В один миг перед Лоннэ пронеслась вся его жизнь: вот он снова был мальчишкой, сидящим, скрестив ноги, на песке, среди детей, собравшихся вокруг общинного ведуна, который толковал им Веду… Прошли в мыслях все бесчисленные выходы в море, и короткая служба в порту, и даже один поход на барке двинэйских контрабандистов… Вспомнились все нечестивые ходки в море. Все молитвы, все клятвы… Все мечты о праведности, которые рушились в прах, как только вырисовывалось выгодное дельце, все минуты неловкого молчания, когда лихие подельщики позволяли себе оскорблять духов и богов…
Старый лоцман поднял глаза и встретил бездонно-синий взгляд.

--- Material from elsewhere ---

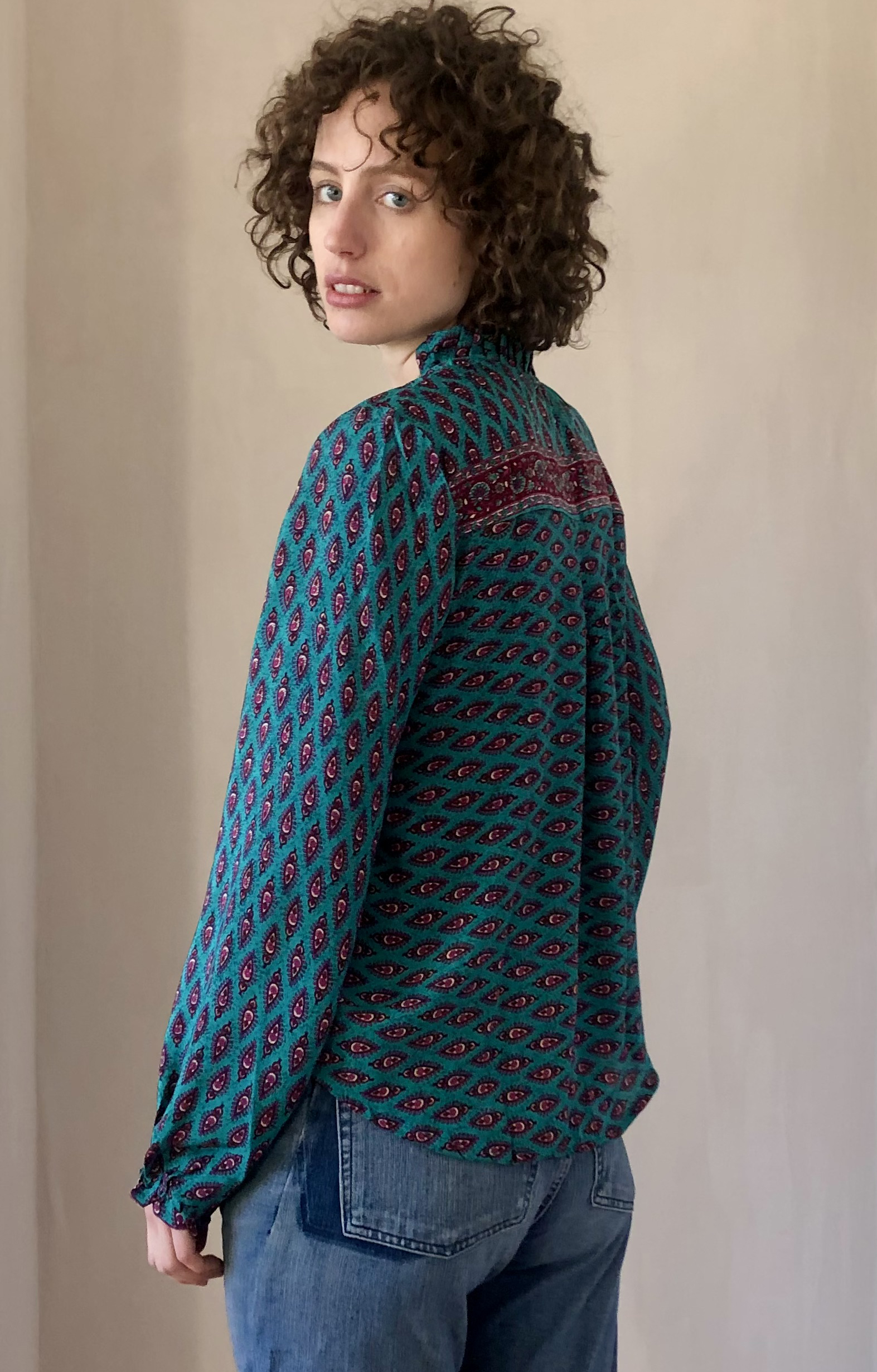 An elegant buttoned v-neck blouse with a small ruffle at the neck and down the front and long sleeves gathered at the wrist.

Мёрэйн медленно сходил Сверху Вниз, и спутанная мешанина мыслеобразов, звенящая в сверкании Ти, потихоньку отступала, распадалась на голоса эгрегоров, голоса различных эпох и различных миров, на голоса отдельных людей. Наконец он облёкся тихим сумраком Сэйда, и реальность вокруг стала плотной, появились очертания вещей, а голоса разделились на дальние и ближние. Дальние стали неразличимы для слуха, ближние – голоса унов, морских духов, голоса ветра и голоса браконьеров с потерпевшей неподалёку крушение байдары – звучали отчётливо.
Поделом. Хоть Мастер Стражи и считает, что тратить столько энергии на запугивание браконьеров – глупость, Мёрэйн знал, что такие вещи куда действеннее, чем банальный арест и каторга. Он всегда позволял спастись одному из членов экипажа. Тому, кто, полумёртвый от ужаса, расскажет о случившемся на берегу.
Сумрак Сэйда рассеялся, и мягкие, текучие сэйдамы вещей растаяли в твёрдости линий материи. Мёрэйн сошёл в своё плотное тело, которое оставил на песчаном полу грота. Холодный, шелковистый песок. Воздух пахнет морской солью. Гул прибоя.
Он открыл глаза. Тёмные стены почти куполообразно сходятся к потолку, белый песок на полу повторяет рисунок, оставленный морскими волнами на отмели. Это одно из излюбленных тайных мест Мёрэйна. Здесь можно уединиться и предаться тишине. Здесь можно поработать спокойно и сосредоточенно.
Но сегодня было тревожно.
Видения. Видения терзали его разум – как никогда за последние три антавы10
, прошедшие с окончания Войны.Как всегда после перехода по уровням Меа, тело казалось немного чужим, а пять человеческих чувств, подавленные меарийскими, упорно не желали приходить в норму: песок был прохладным, но не настолько, насколько он должен быть в середине зимы, а дневной свет, падающий лучами сквозь щели в каменном потолке пещеры, сиял, наоборот, чересчур ярко – так, как его никогда не воспринимает человеческий глаз. Он вышел из грота на узкий скальный карниз. Белая скала под ногами отвесно обрывалась в море. Далеко внизу кипели волны, над отмелями с криком кружились морские птицы, бросаясь в воду. Внизу стлалось море, обнимая мыс, и там, где оно расходилось, направляя одну вереницу волн южнее, а другую – северней, кипели гигантские буруны: далеко в море простиралась знаменитая отмель смерти – Затерянные Острова. Зоркий глаз мог различить на грани видимости тёмную точку близ одного из рифов – обломки злосчастной браконьерской байдары.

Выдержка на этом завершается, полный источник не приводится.